要运行这个网络的一个步骤，我们需要传入一个输入（本例中，输入是当前字母的张量）和一个之前的隐藏状态（第一个代码块中用零初始化的）。我们将得到输出值（每种语言的概率）和下一个隐藏状态（我们为下一个步骤保留它）。

input = letterToTensor('A')
hidden =torch.zeros(1, n_hidden)

output, next_hidden = rnn(input, hidden)

为了提高效率，我们不希望为每一步创建新的 Tensor，因此我们将使用 lineToTensor 而不是 letterToTensor，并使用切片。这可以通过预先计算批量 Tensors 达成进一步优化。

input = lineToTensor('Albert')
hidden = torch.zeros(1, n_hidden)

output, next_hidden = rnn(input[0], hidden)
print(output)

1
2
3

tensor([[-2.8252, -2.9202, -2.8685, -2.8023, -2.9007, -2.9530, -2.9002, -2.8764,
         -2.9512, -2.9461, -2.8628, -2.9676, -2.8661, -2.9226, -2.9126, -2.8640,
         -2.8239, -2.8826]], grad_fn=<LogSoftmaxBackward>)

可见输出值是一个 <1 x n_categories> 张量，其中的每一项都是对应类别的似然度（值越大越相似）。

训练¶

准备训练¶

在进入训练之前，我们应该做编写一些辅助函数。第一个是解释网络的输出，让我们直到每个类别的似然度。我们可用 Tensor.topk 获取最大值的索引。

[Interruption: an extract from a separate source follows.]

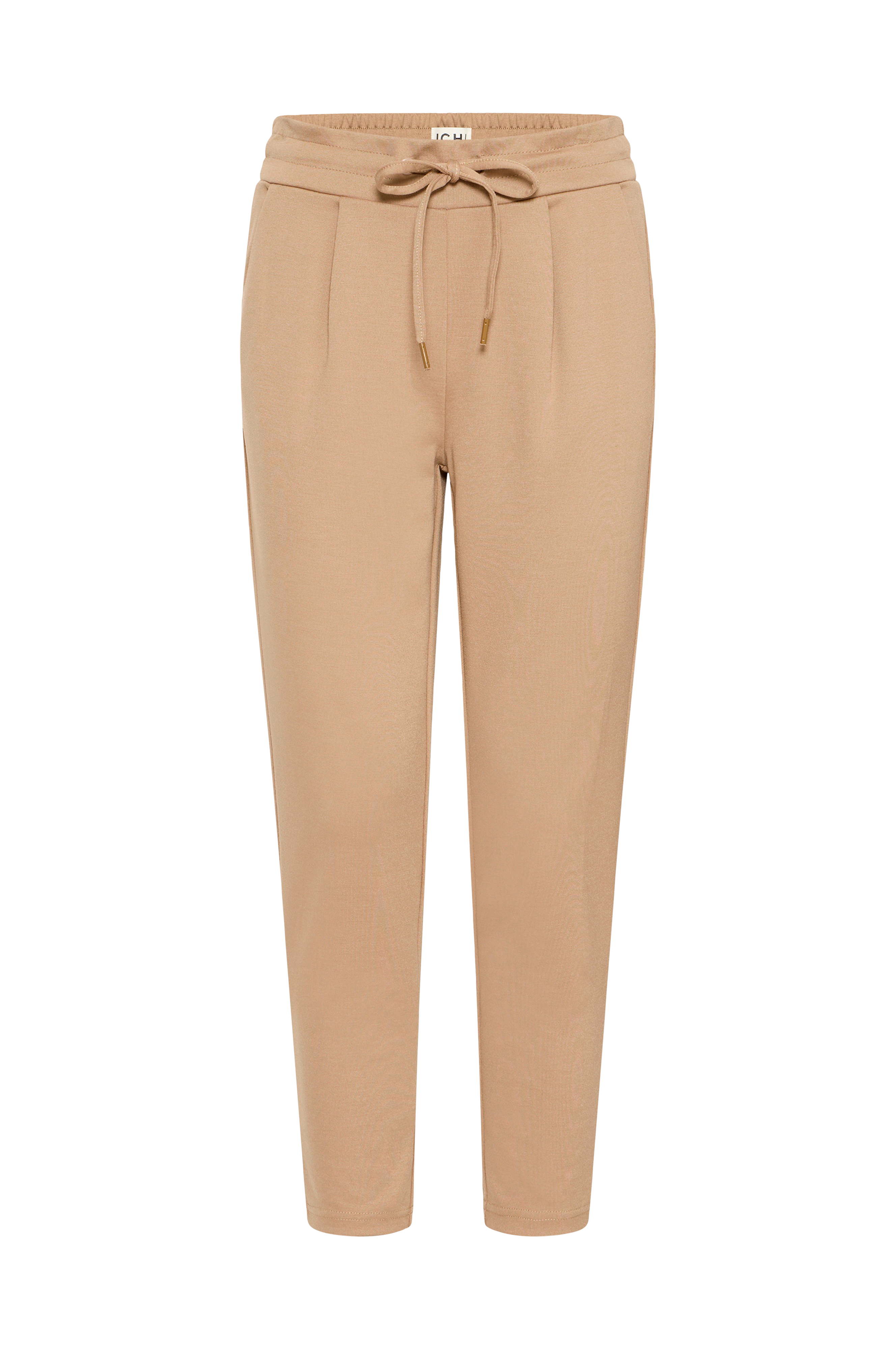 Byxor Kate från ICHI i avsmalnande modell med något kortare ben, fickor i sidorna och fuskfickor bak. Stum midja fram och resår bak samt justerbar dragsko och lagda veck fram. Gjorda i mjuk trikå. Beninnerlängd ca 64 cm i stl S.

def categoryFromOutput(output):
    top_n, top_i = output.topk(1)
    category_i = top_i[0].item()
    return all_categories[category_i], category_i

print(categoryFromOutput(output))

1	('Dutch', 3)

我们还需要能够快速的得到训练样本(名字及其语言)的函数：

import random

def randomChoice(l):
    return l[random.randint(0, len(l) - 1)]

def randomTrainingExample():
    category = randomChoice(all_categories)
    line = randomChoice(category_lines[category])
    category_tensor = torch.tensor([all_categories.index(category)], dtype=torch.long)
    line_tensor = lineToTensor(line)
    return category, line, category_tensor, line_tensor

for i in range(10):
    category, line, category_tensor, line_tensor = randomTrainingExample()
    print('category =', category, '/ line =', line)

category = Greek / line = Stroggylis
category = Italian / line = Nicolai
category = Korean / line = Yu
category = French / line = Lebeau
category = Arabic / line = Botros
category = Polish / line = Piatek
category = Dutch / line = Middelburg
category = German / line = Lenz
category = Russian / line = Levish
category = Japanese / line = Onoe

训练网络¶

现在，只要一堆样本就可以训练这个网络了，让它做出猜测，然后告诉它是对是错。

因为 RNN 的最后一层是 nn.LogSoftmax，损失函数 nn.NLLLoss 是合适的。

1	criterion = nn.NLLLoss()

每一轮训练都将：

创建输入和目标张量
创建零值初始化的隐藏状态
读取每个字母，并
- 为下个字母保留隐藏状态
比较最终输出和目标
反向传播
返回输出和损失

learning_rate = 0.005 # If you set this too high, it might explode. If too low, it might not learn

def train(category_tensor, line_tensor):
    hidden = rnn.initHidden()

    rnn.zero_grad()

    for i in range(line_tensor.size()[0]):
        output, hidden = rnn(line_tensor[i], hidden)

    loss = criterion(output, category_tensor)
    loss.backward()

    # Add parameters' gradients to their values, multiplied by learning rate
    for p in rnn.parameters():
        p.data.add_(-learning_rate, p.grad.data)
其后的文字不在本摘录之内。